According to Famitsu, Axelay sold 2,482 copies in its first week on the market and 4,625 copies during its lifetime in Japan. The Japanese publication Micom BASIC Magazine ranked the game fourteenth in popularity in its December 1992 issue, and it received a 22.79/30 score in a 1993 readers' poll conducted by Super Famicom Magazine, ranking among Super Famicom titles at the number 50 spot. Its visual effects combined with what was then seen as an advanced selection of weapons available, as well as the music score, made Axelay into a popular shooter for the SNES. The game received generally favorable reception from critics, holding a rating of 81.14% based on seven reviews according to review aggregator GameRankings. GamePros Dr. Dave praised the game's inventive weapons, range of challenge for players of differing abilities, and the fact that the player starts the game already with three fully charged weapons. Nintendo Power praised the game's graphics but noted that its head-on perspective takes time getting used to.

Aggregate score
| Aggregator | Score |
|---|---|
| GameRankings | 81.14% |

Review scores
| Publication | Score |
|---|---|
| AllGame | 4.5/5 |
| Electronic Gaming Monthly | 9/10, 9/10, 9/10, 8/10 |
| Famitsu | 7/10, 4/10, 6/10, 6/10 |
| GamesMaster | 80% |
| Nintendo Power | 3.775/5 |
| Official Nintendo Magazine | 92% |
| Super Play | 85% |
| Total! | (UK) 81%, (DE) 2- |
| Bad Influence! | 93% |
| Control | 77%, 84% |
| Electronic Games | 81% |
| N-Force | 93% |
| Nintendo Game Zone | 91/100 |
| SNES Force | 90% |
| Super Action | 91% |
| The Super Famicom | 75/100 |
| Super Gamer | 91% |
| Super Pro | 91/100 |

=== Accolades ===
Axelay is considered by some publications as a classic of its genre. Super Play listed it number 36 on its list of the top 100 SNES games of all time in 1996. The following year, it was listed as number 91 on Electronic Gaming Monthly's 100 best games of all time in their 100th issue, which cited its Mode 7 effects, the boss visuals, and the strategy involved in choosing the weapons loadout before each level. The website ScrewAttack called it the #6 best 2D shooter. Nintendo Power magazine later called it the #18 best game on the SNES. Axelay was included as one of the titles in the 2010 book 1001 Video Games You Must Play Before You Die. In 1995, Total! ranked Axelay 88th on their "Top 100 SNES Games." IGN rated Axelay 55th in its Top 100 SNES Games. They praised the game calling it "A visual stunner on the SNES" and felt that the unique application of the Mode 7 made Axelay feel like two games in one.

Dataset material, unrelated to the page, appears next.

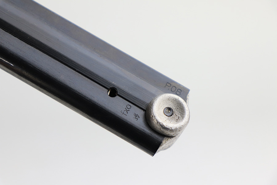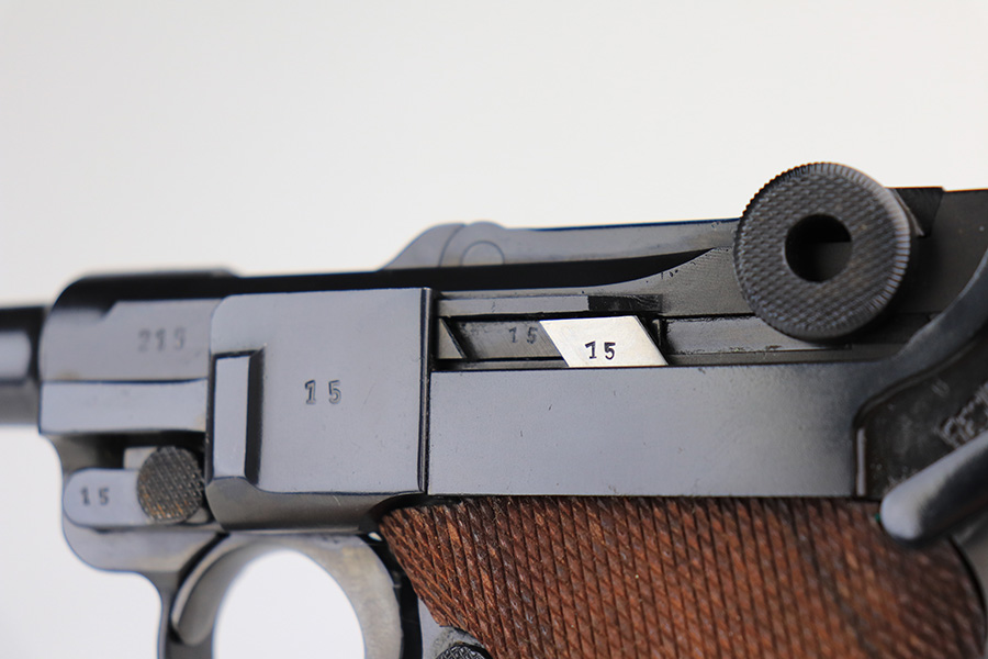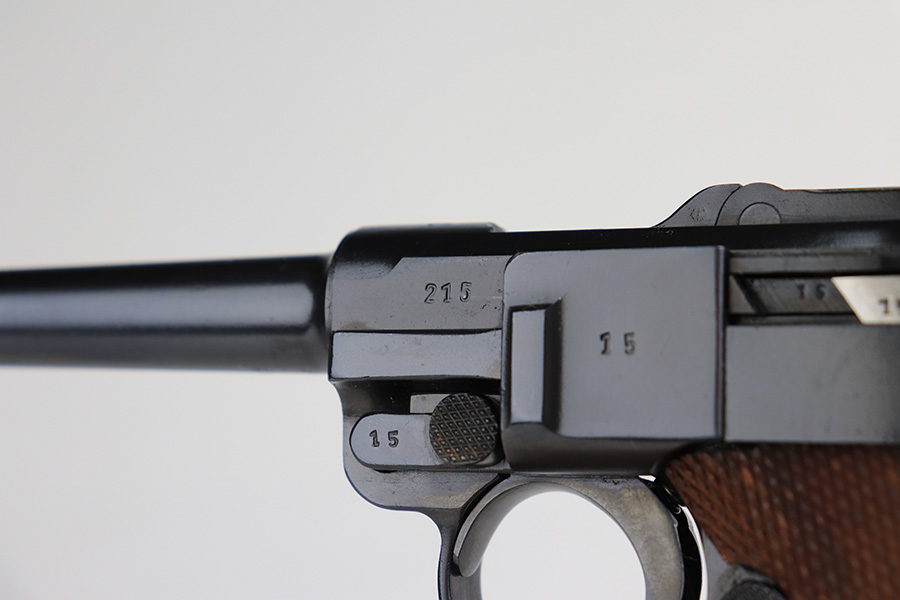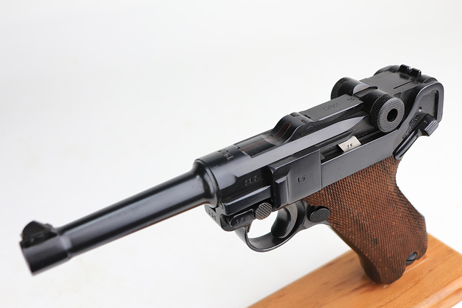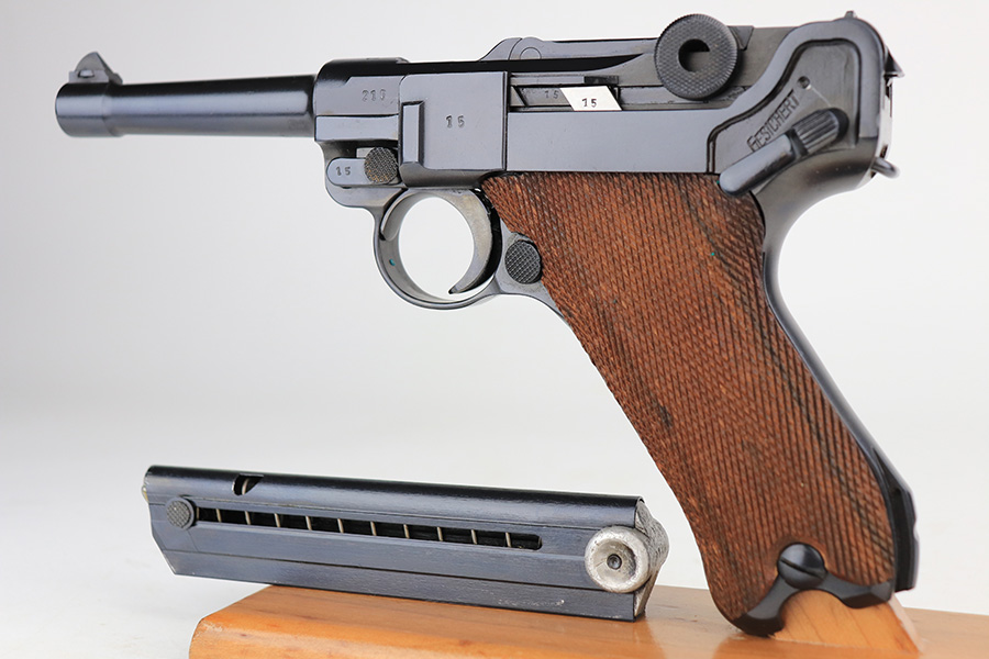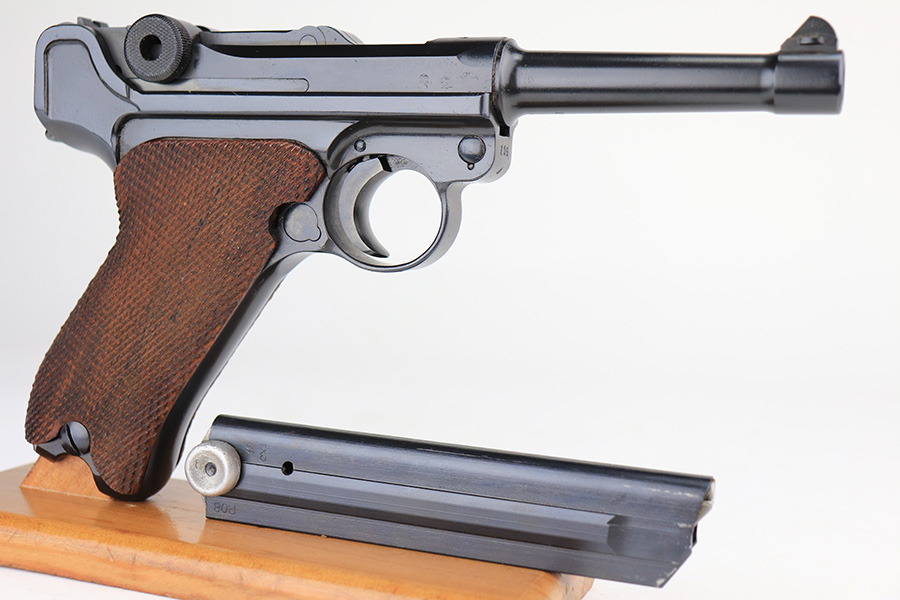 1/31/22 – This is an excellent example of a Mauser Luger issued to the Nazi military in 1937. The gun is all matching and has the proper “Eagle 63” Nazi military acceptance proofs on the right side of the slide. The gun has been professionally restored. As a result, the bluing is beautiful, and there are no obvious signs of wear. Comes with minty replacement wood grips and a period-correct but mismatched magazine. The bore has very good rifling, but there is minor frosting in some of the grooves.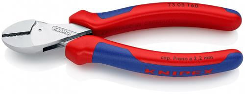 Мощный, лёгкий, универсальный. Точно режут как тончайшую проволоку, так и многожильный кабель или твердую рояльную струну. Коробчатый шарнир: максимальная стабиоьность при небольшом весе. Высокая режущая способность при меньшей затрате усилий благодаря оптимальному согласованию угла режущих кромок, передаточного отношения рычагов и эргономичной конструкции ручек. Экономия усилий 40% по сравнению сo стандартными боковыми кусачками одинаковой длины. Большая ширина раскрытия для резки толстых кабелей. Точная резка даже очень тонкой медной проволоки. Компактная легкая конструкция. Ось шарнира для самых высоких продолжительных нагрузок. Универсальное применение - для монтажных и ремонтных работ, а также производства. Высококачественная хромованадиевая сталь, кованая, многоступенчатая закалка в масле.

=== Retrospective reviews ===

Retrospective reviewers praised the game as well. Both IGN and GameSpot gave the Virtual Console re-release of Axelay a 7.5 out of 10. Nintendo Life gave the game a score of 80 out of 100.

Review scores
| Publication | Score |
|---|---|
| GameSpot | (Wii) 7.5 / 10 |
| IGN | (Wii) 7.5 / 10 |
| Nintendo Life | (Wii) |
| USgamer | (Wii U) 4 / 5 |

== Legacy ==
After finishing Axelay two times consecutively on the highest difficulty level, a message promising Axelay 2 appeared but the planned sequel never materialized due to low sales of the first game. The Axelay D117B fighter makes an appearance in Konami's Airforce Delta Strike as an unlockable aircraft.